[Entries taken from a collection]
---------------

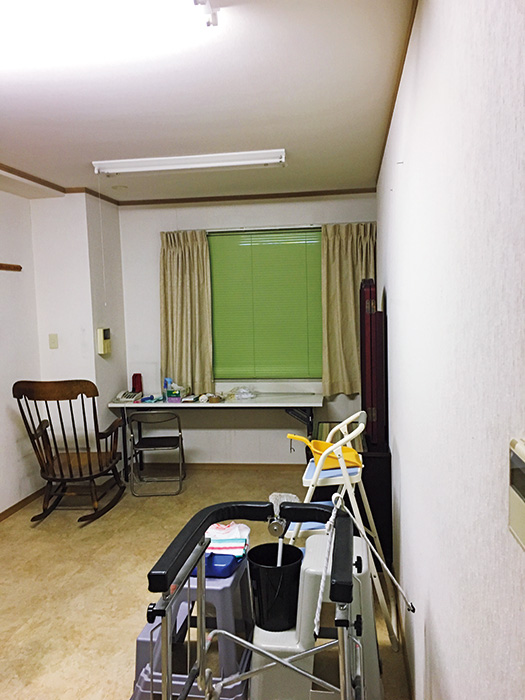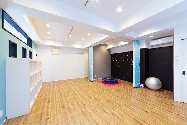 | 多目的に使える4階の部屋。鍵付きのロッカーや、折り畳みベッドなど大きいものも入る収納スペースを備えた | ペパーミントカラーのクロスが映えるフロア。壁にはボルダリングを設け、一角をアコーディオンカーテンで仕切れるようにした |
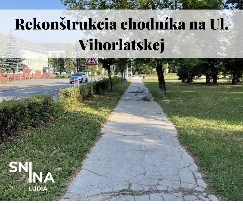 Od 12. júla 2021 pristúpili Verejnoprospešné služby, s.r.o. Snina k celkovej rekonštrukcii chodníka na Ul. Vihorlatskej. Opravy začali smerom od Mestskej športovej haly a pokračujú k potravinám Coop Jednota na križovatke Palárikova s Vihorlatskou (pri "Filovej).
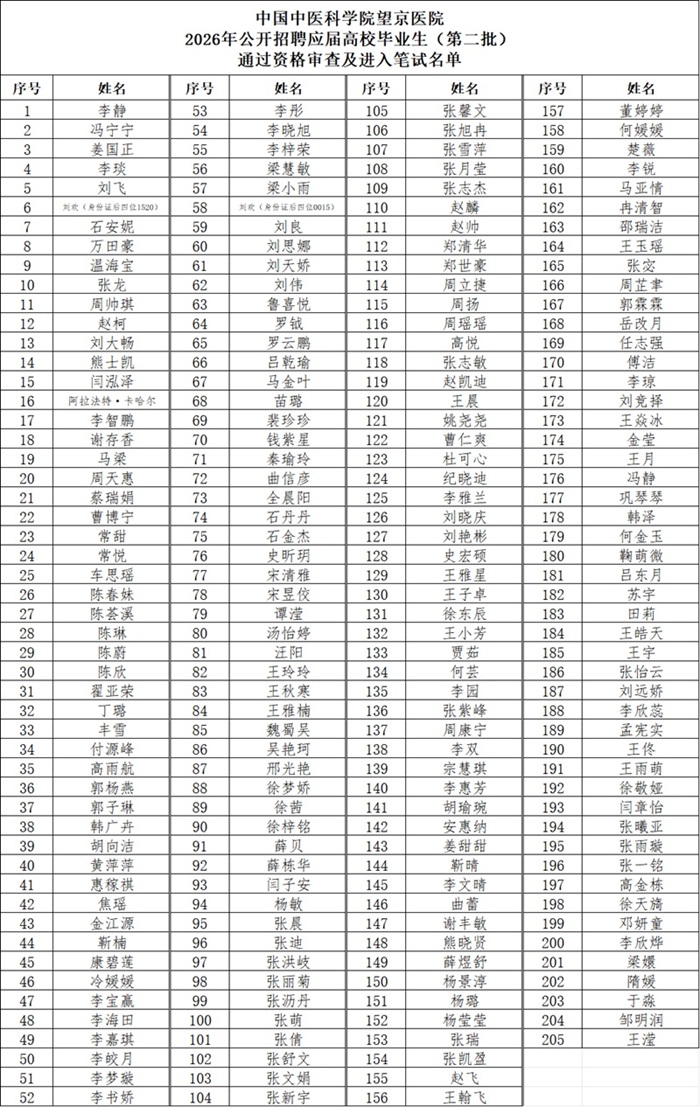中国中医科学院望京医院2026年公开招聘应届高校毕业生(第二批)通过资格审查名单及笔试的相关通知
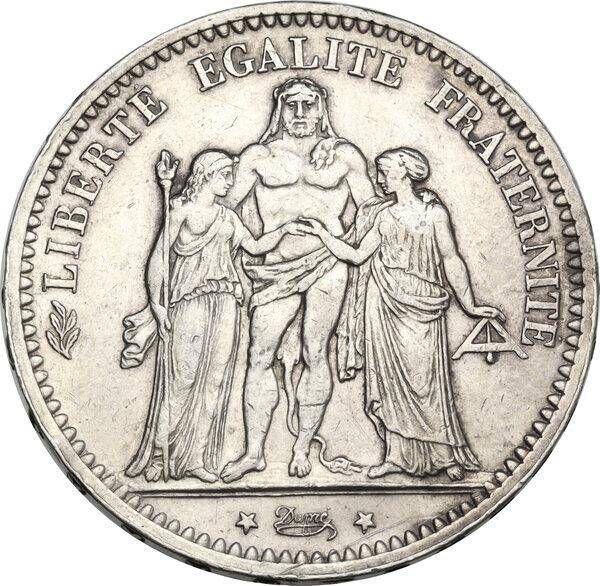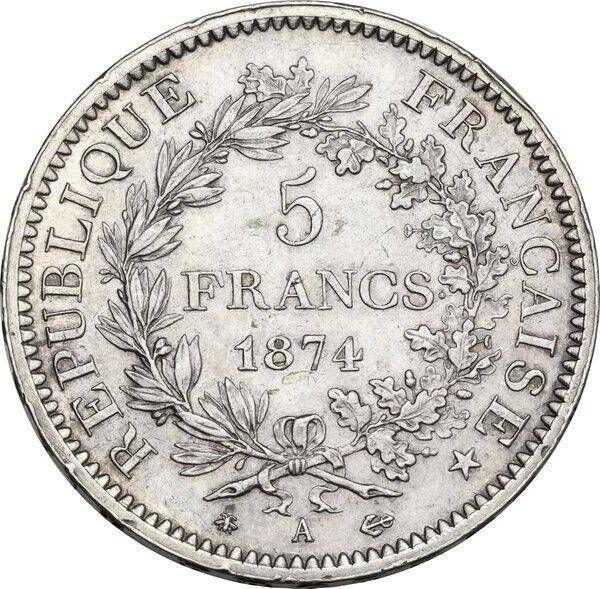 Descubra el valor actual de la moneda francesa de 5 francos de 1874 "Hércules" con marca de ceca A. Esta moneda de plata pertenece al tiempo de la Tercera República y fue acuñada en la ceca de París. ¿Cuál es el precio de una moneda como esta? El precio récord pertenece al lote 3955 vendido en la subasta Heritage Auctions por USD 216000. La subasta tuvo lugar el 4 de mayo de 2022.
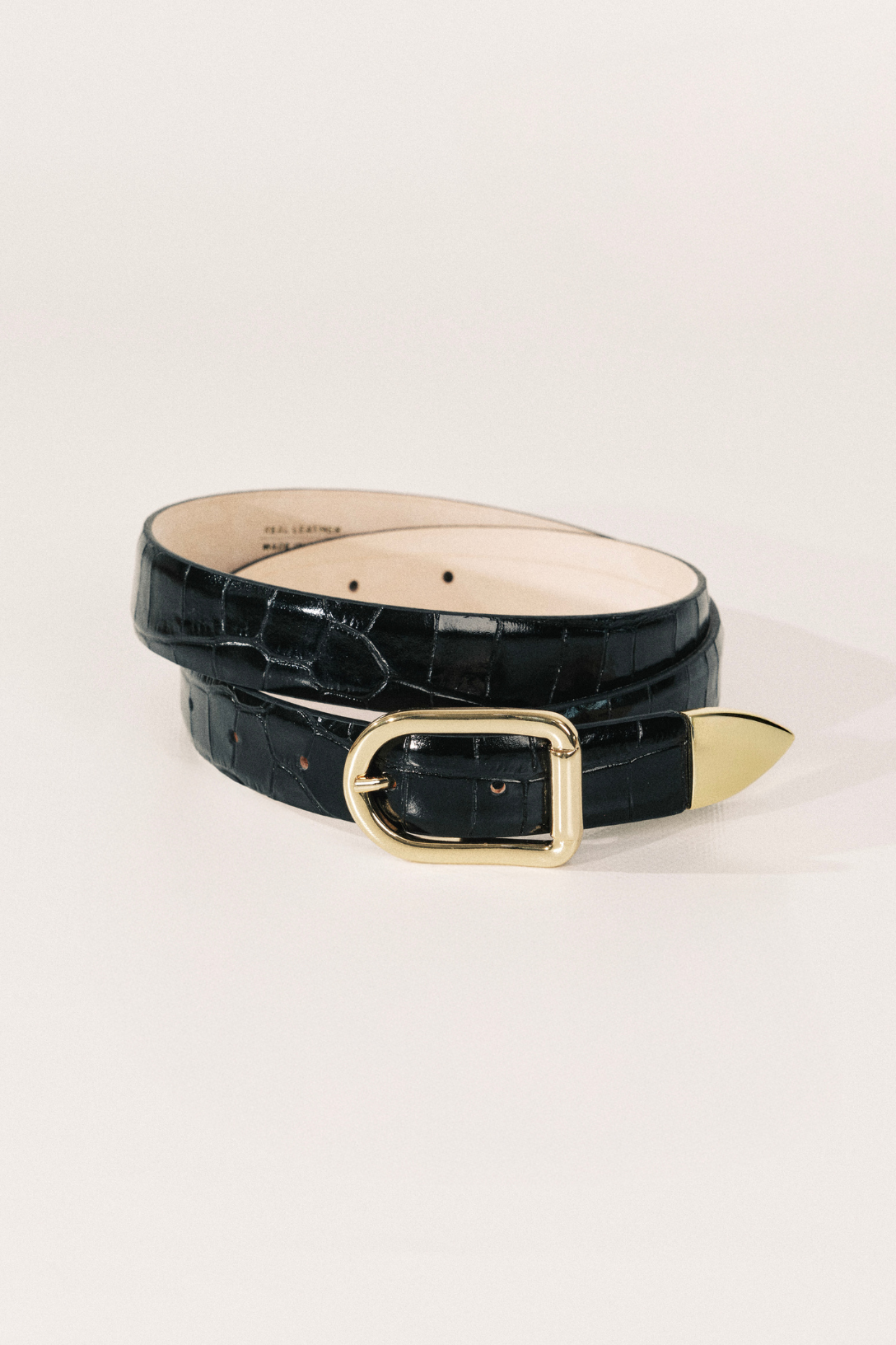 Mija Croco Tip Belt | Black Croco / Gold
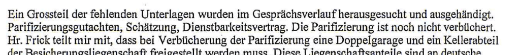 - Im Text der Notiz zum Termin hält der Bankprokurist fest, ihm sei im Rahmen der Besprechung ein Dienstbarkeitsvertrag überreicht worden. Nachdem es nie einen solchen gegeben hatte, konnte dieser auch nicht überreicht worden sein. Dieser dezidiert angeführte Dienstbarkeitsvertrag wird später hier noch eine gewichtige „graphische“ Rolle spielen.
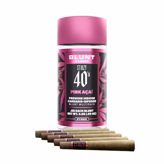 Stiiizy 40’s Infused Mini Blunts – Biscotti (2.5g) deliver a smooth and potent indica-dominant experience in a convenient pack of five 0.5g infused mini blunts. Crafted with premium Biscotti flower, these pre-rolls are infused with high-quality cannabis oil and coated in kief for an extra boost of potency and flavor.
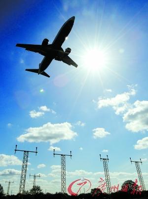 21日,一架飛機在倫敦希斯羅機場上空飛行。
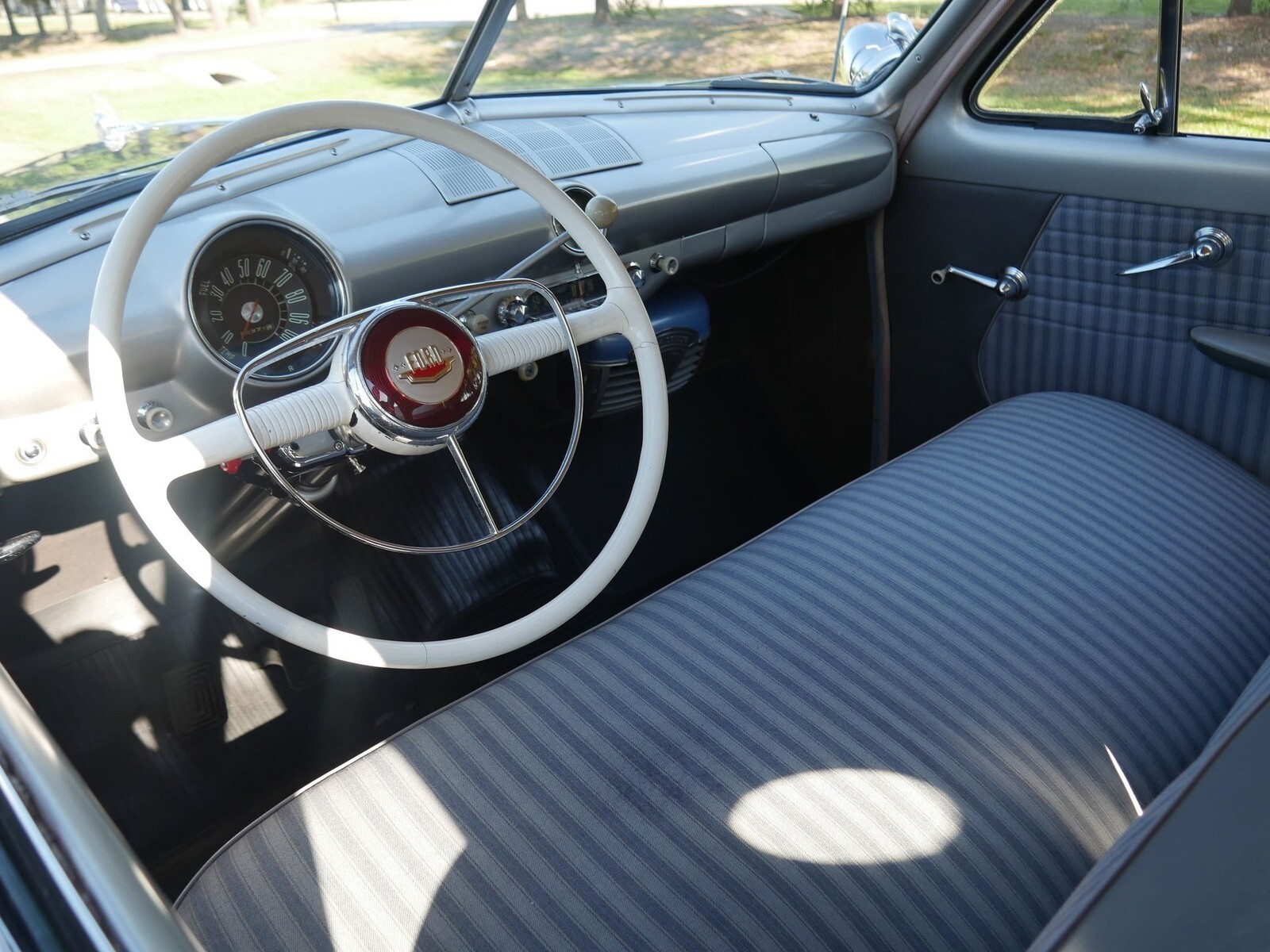 The Dark Blue paint is stunning with new wide white wall radial tires and red steel wheels with beauty rings and center caps. Lake pipes and fender skirts give it that 50s custom look that is so desirable!
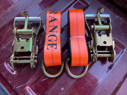 2PK Through the wheel strap kit with Forged Mini J straps and Chain Tail ratchets / Free Shipping
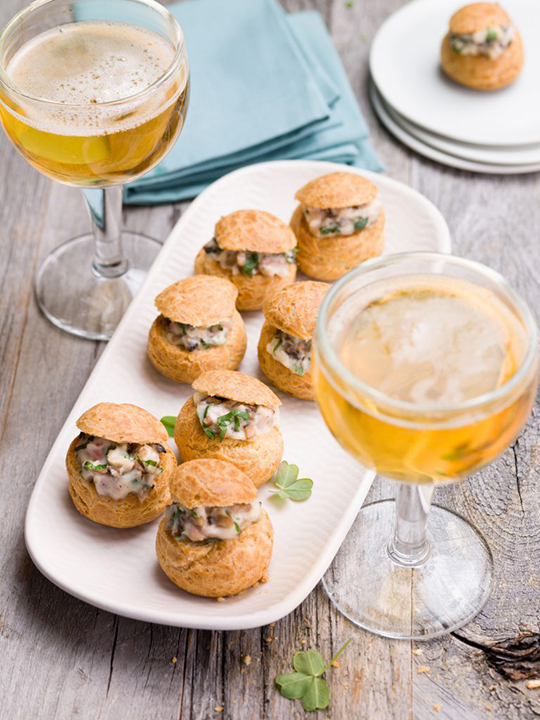 Profiteroles au jambon et champignons déglacés au cidre brut
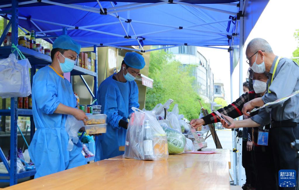 5月17日,市民在上海市嘉定區(qū)一家飯店的外賣攤位前掃碼購(gòu)物。新華社記者 方喆 攝
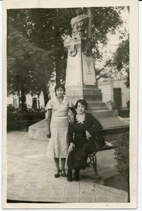 Blanca Elena Clavijo junto a una mujer en la Plaza de Los Andes : [Fotografía]. Chile : [Editor no identificado] , [1918]. 1 Fotografía : Formato digital. .
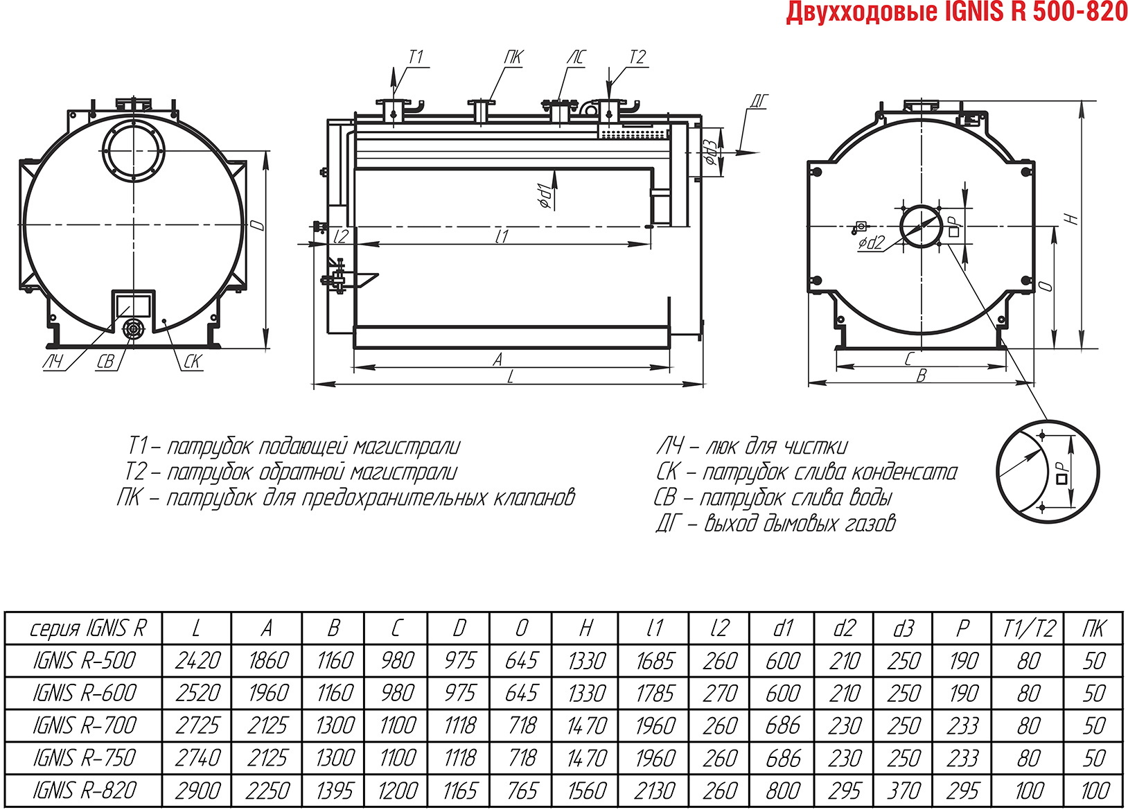 Двухходовой жаротрубный котел от 0,5 до 0,82 МВт (КВа-Г)
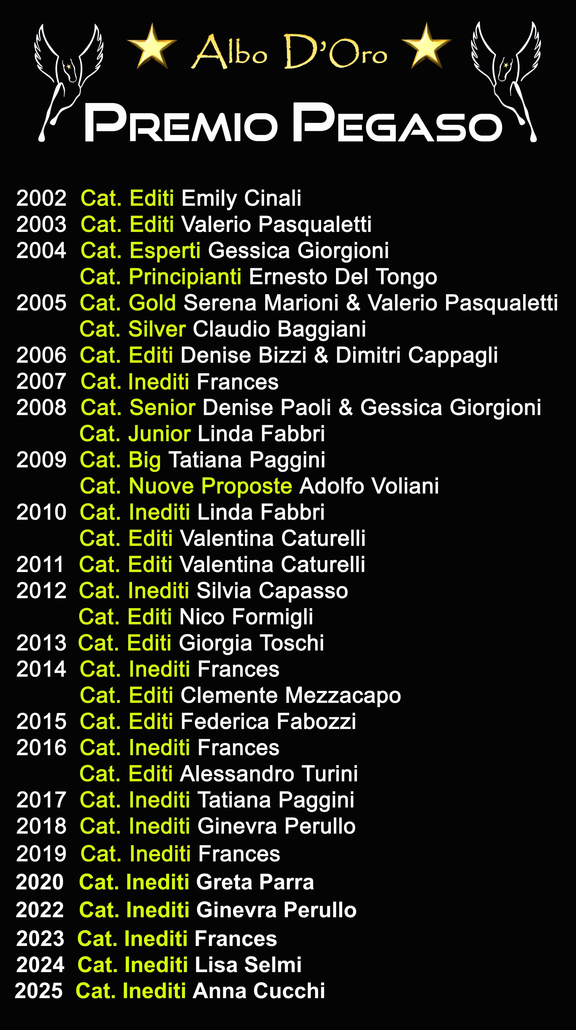 Albo d'Oro premio Pegaso

---------------

Try it: Your job is to transcribe the entries above exactly; skip the pictures.

Answer below:
 | 多目的に使える4階の部屋。鍵付きのロッカーや、折り畳みベッドなど大きいものも入る収納スペースを備えた | ペパーミントカラーのクロスが映えるフロア。壁にはボルダリングを設け、一角をアコーディオンカーテンで仕切れるようにした |
 Od 12. júla 2021 pristúpili Verejnoprospešné služby, s.r.o. Snina k celkovej rekonštrukcii chodníka na Ul. Vihorlatskej. Opravy začali smerom od Mestskej športovej haly a pokračujú k potravinám Coop Jednota na križovatke Palárikova s Vihorlatskou (pri "Filovej).
中国中医科学院望京医院2026年公开招聘应届高校毕业生(第二批)通过资格审查名单及笔试的相关通知
 Descubra el valor actual de la moneda francesa de 5 francos de 1874 "Hércules" con marca de ceca A. Esta moneda de plata pertenece al tiempo de la Tercera República y fue acuñada en la ceca de París. ¿Cuál es el precio de una moneda como esta? El precio récord pertenece al lote 3955 vendido en la subasta Heritage Auctions por USD 216000. La subasta tuvo lugar el 4 de mayo de 2022.
 Mija Croco Tip Belt | Black Croco / Gold
 - Im Text der Notiz zum Termin hält der Bankprokurist fest, ihm sei im Rahmen der Besprechung ein Dienstbarkeitsvertrag überreicht worden. Nachdem es nie einen solchen gegeben hatte, konnte dieser auch nicht überreicht worden sein. Dieser dezidiert angeführte Dienstbarkeitsvertrag wird später hier noch eine gewichtige „graphische“ Rolle spielen.
 Stiiizy 40’s Infused Mini Blunts – Biscotti (2.5g) deliver a smooth and potent indica-dominant experience in a convenient pack of five 0.5g infused mini blunts. Crafted with premium Biscotti flower, these pre-rolls are infused with high-quality cannabis oil and coated in kief for an extra boost of potency and flavor.
 21日,一架飛機在倫敦希斯羅機場上空飛行。
 The Dark Blue paint is stunning with new wide white wall radial tires and red steel wheels with beauty rings and center caps. Lake pipes and fender skirts give it that 50s custom look that is so desirable!
 2PK Through the wheel strap kit with Forged Mini J straps and Chain Tail ratchets / Free Shipping
 Profiteroles au jambon et champignons déglacés au cidre brut
 5月17日,市民在上海市嘉定區(qū)一家飯店的外賣攤位前掃碼購(gòu)物。新華社記者 方喆 攝
 Blanca Elena Clavijo junto a una mujer en la Plaza de Los Andes : [Fotografía]. Chile : [Editor no identificado] , [1918]. 1 Fotografía : Formato digital. .
 Двухходовой жаротрубный котел от 0,5 до 0,82 МВт (КВа-Г)
 Albo d'Oro premio Pegaso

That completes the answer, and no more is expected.